Data:
........
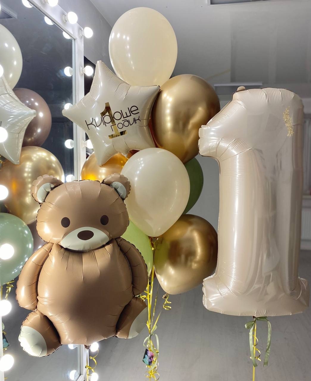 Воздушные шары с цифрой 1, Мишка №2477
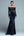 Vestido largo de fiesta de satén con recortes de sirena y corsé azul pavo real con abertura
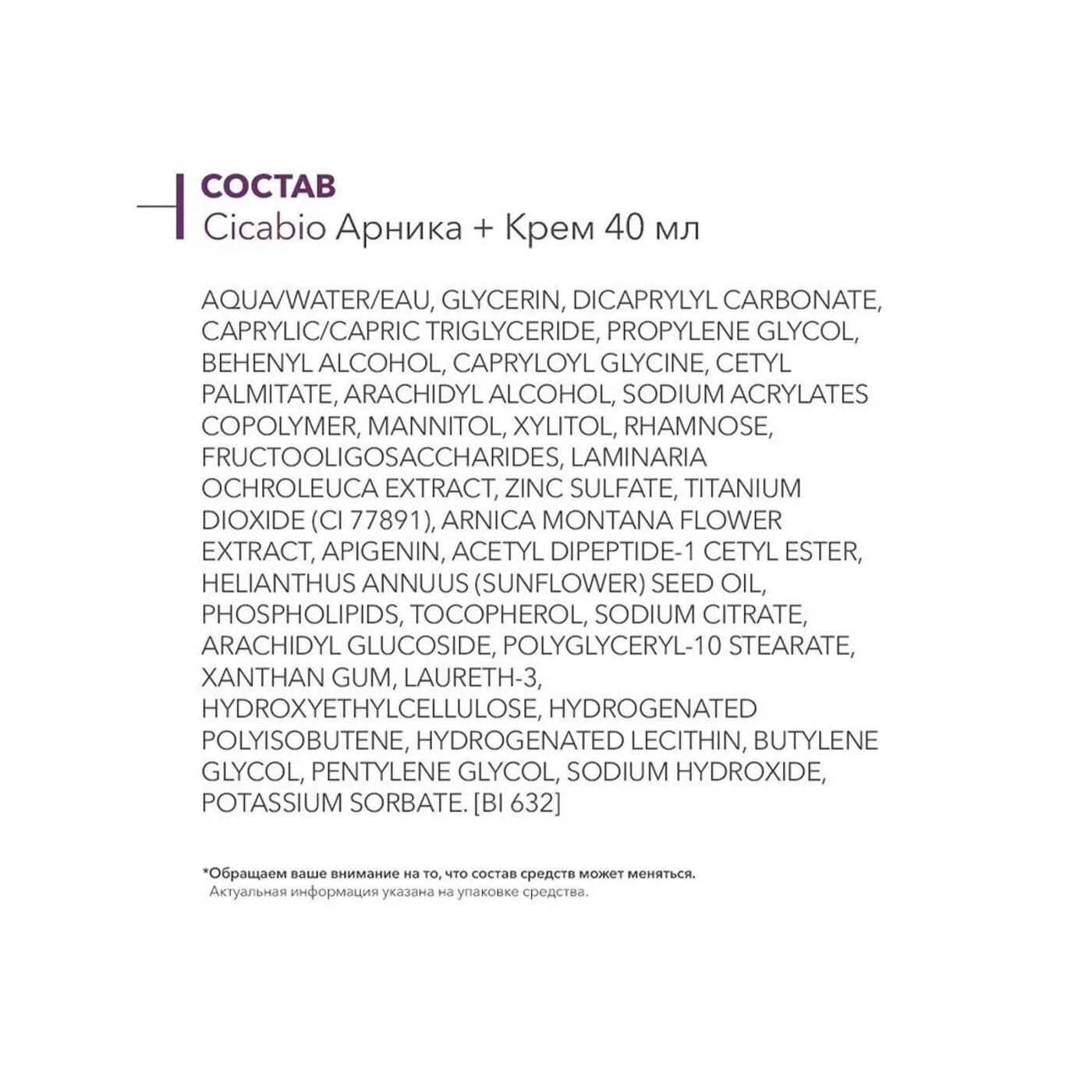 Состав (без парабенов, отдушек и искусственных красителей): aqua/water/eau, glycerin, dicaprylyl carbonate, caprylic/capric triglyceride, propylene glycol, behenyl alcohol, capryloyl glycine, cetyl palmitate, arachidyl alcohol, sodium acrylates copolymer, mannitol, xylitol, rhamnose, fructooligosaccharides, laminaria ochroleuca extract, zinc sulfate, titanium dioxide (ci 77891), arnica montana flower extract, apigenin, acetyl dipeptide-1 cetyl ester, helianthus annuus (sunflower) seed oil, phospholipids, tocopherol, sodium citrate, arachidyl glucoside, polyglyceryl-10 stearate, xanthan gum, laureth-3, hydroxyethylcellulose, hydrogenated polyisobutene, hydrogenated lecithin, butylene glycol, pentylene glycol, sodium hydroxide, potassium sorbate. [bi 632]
........
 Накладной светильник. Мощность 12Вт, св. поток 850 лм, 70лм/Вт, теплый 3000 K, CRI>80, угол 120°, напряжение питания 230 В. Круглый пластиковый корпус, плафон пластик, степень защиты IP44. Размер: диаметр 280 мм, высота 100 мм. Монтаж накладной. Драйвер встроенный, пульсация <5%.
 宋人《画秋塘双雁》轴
........
Problem details: Print nothing but the lines above starting with the line that contains "Воздушные шары с цифрой 1, Мишка №2477" and going on through the line that contains "Состав (без парабенов, отдушек". Leave out the pictures.

Exercise solution:
 Воздушные шары с цифрой 1, Мишка №2477
 Vestido largo de fiesta de satén con recortes de sirena y corsé azul pavo real con abertura
 Состав (без парабенов, отдушек и искусственных красителей): aqua/water/eau, glycerin, dicaprylyl carbonate, caprylic/capric triglyceride, propylene glycol, behenyl alcohol, capryloyl glycine, cetyl palmitate, arachidyl alcohol, sodium acrylates copolymer, mannitol, xylitol, rhamnose, fructooligosaccharides, laminaria ochroleuca extract, zinc sulfate, titanium dioxide (ci 77891), arnica montana flower extract, apigenin, acetyl dipeptide-1 cetyl ester, helianthus annuus (sunflower) seed oil, phospholipids, tocopherol, sodium citrate, arachidyl glucoside, polyglyceryl-10 stearate, xanthan gum, laureth-3, hydroxyethylcellulose, hydrogenated polyisobutene, hydrogenated lecithin, butylene glycol, pentylene glycol, sodium hydroxide, potassium sorbate. [bi 632]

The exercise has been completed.